---------- Data in this exercise ----------
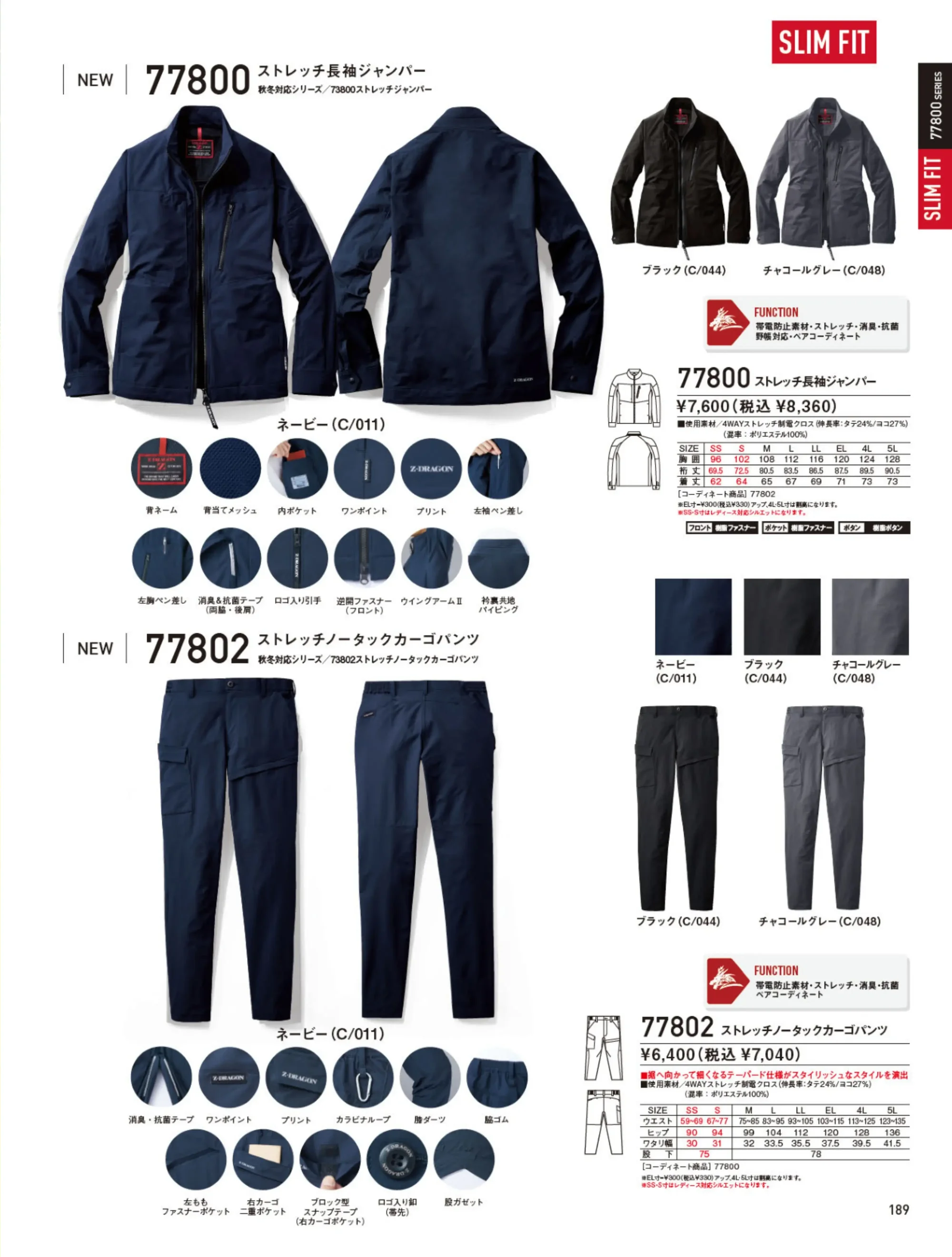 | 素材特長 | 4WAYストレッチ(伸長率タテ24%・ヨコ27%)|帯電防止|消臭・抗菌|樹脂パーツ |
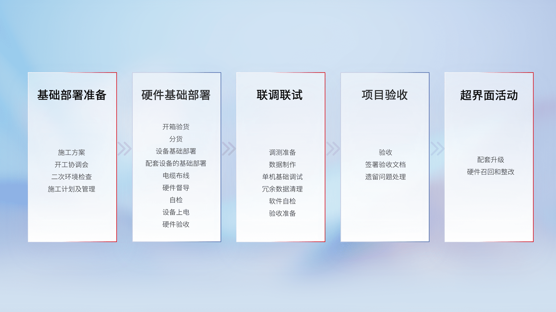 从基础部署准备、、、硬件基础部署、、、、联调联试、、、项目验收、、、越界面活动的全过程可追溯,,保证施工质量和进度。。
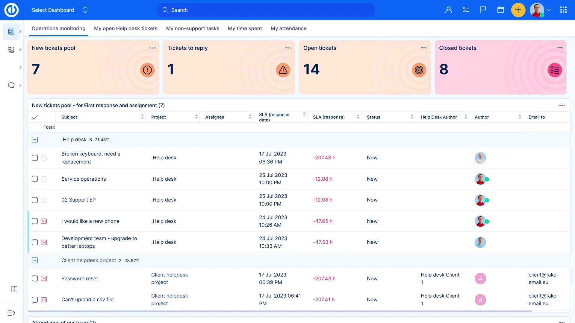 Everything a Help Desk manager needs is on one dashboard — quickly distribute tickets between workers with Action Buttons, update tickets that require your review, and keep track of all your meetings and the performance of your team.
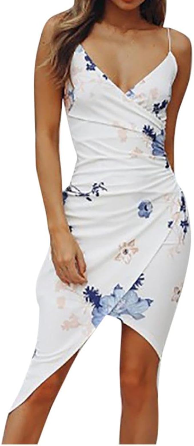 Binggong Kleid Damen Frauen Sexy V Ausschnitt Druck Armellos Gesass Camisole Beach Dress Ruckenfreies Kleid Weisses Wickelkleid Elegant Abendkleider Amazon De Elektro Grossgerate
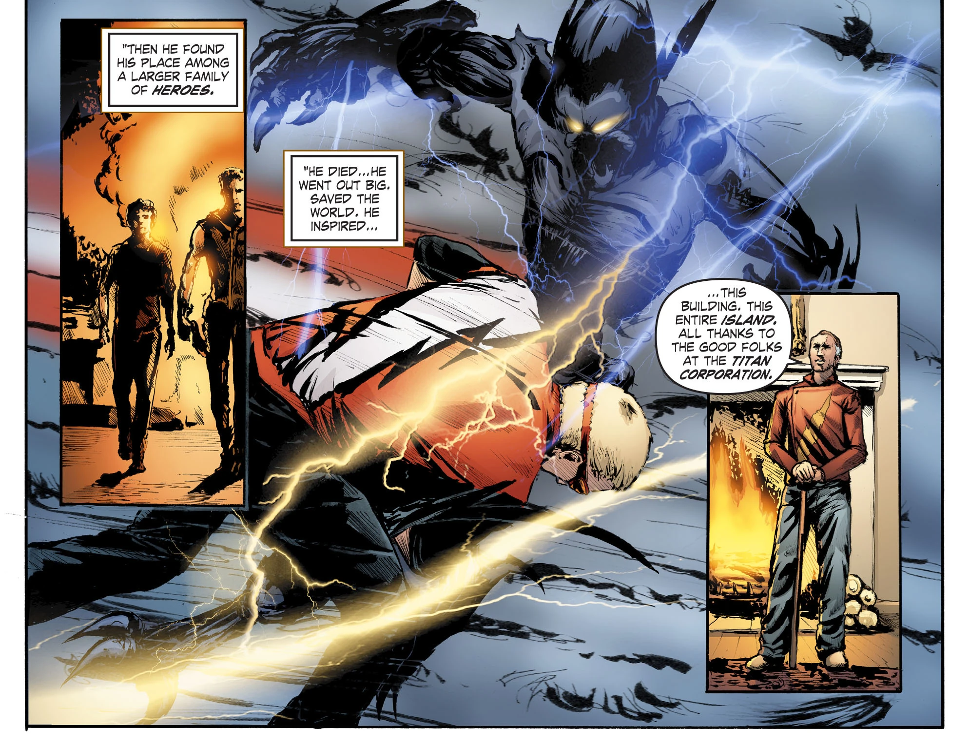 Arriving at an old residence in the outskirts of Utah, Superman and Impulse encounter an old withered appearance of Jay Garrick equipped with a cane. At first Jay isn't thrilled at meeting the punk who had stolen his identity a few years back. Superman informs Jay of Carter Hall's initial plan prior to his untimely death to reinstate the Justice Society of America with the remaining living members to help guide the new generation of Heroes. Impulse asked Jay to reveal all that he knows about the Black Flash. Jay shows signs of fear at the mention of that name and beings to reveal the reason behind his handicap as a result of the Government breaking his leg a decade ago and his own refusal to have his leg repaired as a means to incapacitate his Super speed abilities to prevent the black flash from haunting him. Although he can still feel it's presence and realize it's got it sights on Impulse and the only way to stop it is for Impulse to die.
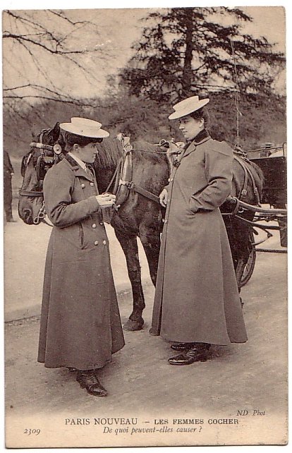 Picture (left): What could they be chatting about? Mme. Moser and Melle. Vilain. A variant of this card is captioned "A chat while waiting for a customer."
----------
• _Exercise description_
Reproduce verbatim every line starting at the line that holds "Arriving at an" and ending with the final line of the data; omit the pictures.

• _Output of the task_
 Arriving at an old residence in the outskirts of Utah, Superman and Impulse encounter an old withered appearance of Jay Garrick equipped with a cane. At first Jay isn't thrilled at meeting the punk who had stolen his identity a few years back. Superman informs Jay of Carter Hall's initial plan prior to his untimely death to reinstate the Justice Society of America with the remaining living members to help guide the new generation of Heroes. Impulse asked Jay to reveal all that he knows about the Black Flash. Jay shows signs of fear at the mention of that name and beings to reveal the reason behind his handicap as a result of the Government breaking his leg a decade ago and his own refusal to have his leg repaired as a means to incapacitate his Super speed abilities to prevent the black flash from haunting him. Although he can still feel it's presence and realize it's got it sights on Impulse and the only way to stop it is for Impulse to die.
 Picture (left): What could they be chatting about? Mme. Moser and Melle. Vilain. A variant of this card is captioned "A chat while waiting for a customer."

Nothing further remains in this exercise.